The emission distributions define probability densities in 4D PC space (multivariate normals). The composite maps show the average circulation pattern for all days assigned to each state.

While related, these are different representations:

  • Emission distributions tell us the typical PC values for each state
  • Composites show the typical spatial pattern in the original data space
  • Days assigned to a state have PC values drawn from the emission distribution
  • The composite is the average of projecting those PC values back to physical space

6 Analysis Questions

K-means assigns each day to its nearest cluster center in PC space, treating all days independently.

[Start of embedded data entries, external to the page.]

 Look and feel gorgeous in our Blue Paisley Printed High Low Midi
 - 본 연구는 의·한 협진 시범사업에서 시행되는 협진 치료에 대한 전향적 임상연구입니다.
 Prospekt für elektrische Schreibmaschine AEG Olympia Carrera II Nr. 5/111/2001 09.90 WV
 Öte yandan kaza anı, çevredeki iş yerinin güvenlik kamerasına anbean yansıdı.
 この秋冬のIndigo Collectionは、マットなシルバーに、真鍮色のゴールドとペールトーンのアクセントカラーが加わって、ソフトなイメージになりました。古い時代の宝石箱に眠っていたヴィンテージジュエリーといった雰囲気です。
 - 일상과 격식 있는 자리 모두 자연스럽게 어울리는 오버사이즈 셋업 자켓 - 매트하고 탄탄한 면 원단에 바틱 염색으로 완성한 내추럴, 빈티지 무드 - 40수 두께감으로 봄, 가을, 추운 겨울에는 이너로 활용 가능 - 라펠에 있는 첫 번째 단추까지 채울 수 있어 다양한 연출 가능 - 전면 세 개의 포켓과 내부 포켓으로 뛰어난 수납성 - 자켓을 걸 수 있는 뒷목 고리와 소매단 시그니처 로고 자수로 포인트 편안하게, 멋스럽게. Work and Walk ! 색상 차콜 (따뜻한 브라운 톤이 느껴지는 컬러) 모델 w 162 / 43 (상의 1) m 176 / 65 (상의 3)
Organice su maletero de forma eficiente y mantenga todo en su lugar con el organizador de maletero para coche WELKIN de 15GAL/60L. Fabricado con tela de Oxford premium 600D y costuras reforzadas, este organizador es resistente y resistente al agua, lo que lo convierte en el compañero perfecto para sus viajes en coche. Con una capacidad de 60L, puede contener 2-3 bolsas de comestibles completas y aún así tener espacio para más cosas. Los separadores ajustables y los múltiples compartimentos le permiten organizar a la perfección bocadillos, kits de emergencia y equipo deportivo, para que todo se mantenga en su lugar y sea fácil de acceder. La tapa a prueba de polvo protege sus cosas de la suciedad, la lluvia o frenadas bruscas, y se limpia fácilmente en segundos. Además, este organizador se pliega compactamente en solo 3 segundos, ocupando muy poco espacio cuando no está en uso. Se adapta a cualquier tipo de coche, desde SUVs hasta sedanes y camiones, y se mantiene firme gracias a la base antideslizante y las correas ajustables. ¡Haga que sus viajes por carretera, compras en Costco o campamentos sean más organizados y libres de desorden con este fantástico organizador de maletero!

HMMs learn both where states live in PC space (emission distributions) AND how they transition over time (transition matrix). Even with random initialization, Baum-Welch discovers temporal structure if it exists in the data. The HMM might assign a day to a “suboptimal” state (in terms of PC distance alone) if doing so makes the temporal sequence more probable overall. K-means cannot do this - it fundamentally ignores temporal order.

  1. Fit HMMs with 3, 4, 5, and 7 states. How does the transition matrix structure change? Is temporal persistence stronger with fewer or more states?

  2. Run the same HMM configuration (6 states, 4 PCs) with 3 different random seeds. How different are the resulting state patterns and transition matrices?

  3. Compare results to the K-means clustering from lab 8. Where do they agree and disagree? Why?

  4. Write code to generate synthetic weather sequences from your fitted HMM using the rand() function. Create a 120-day sequence with corresponding PC values and spatial maps for a few days. Compare state frequencies, transition frequencies, and PC distributions between real and synthetic data.

  5. Describe how you would extend this to predict rainfall. What emission distribution would you use? How would you validate whether HMM states relate to rainfall patterns? What are the fundamental limitations for extreme rainfall?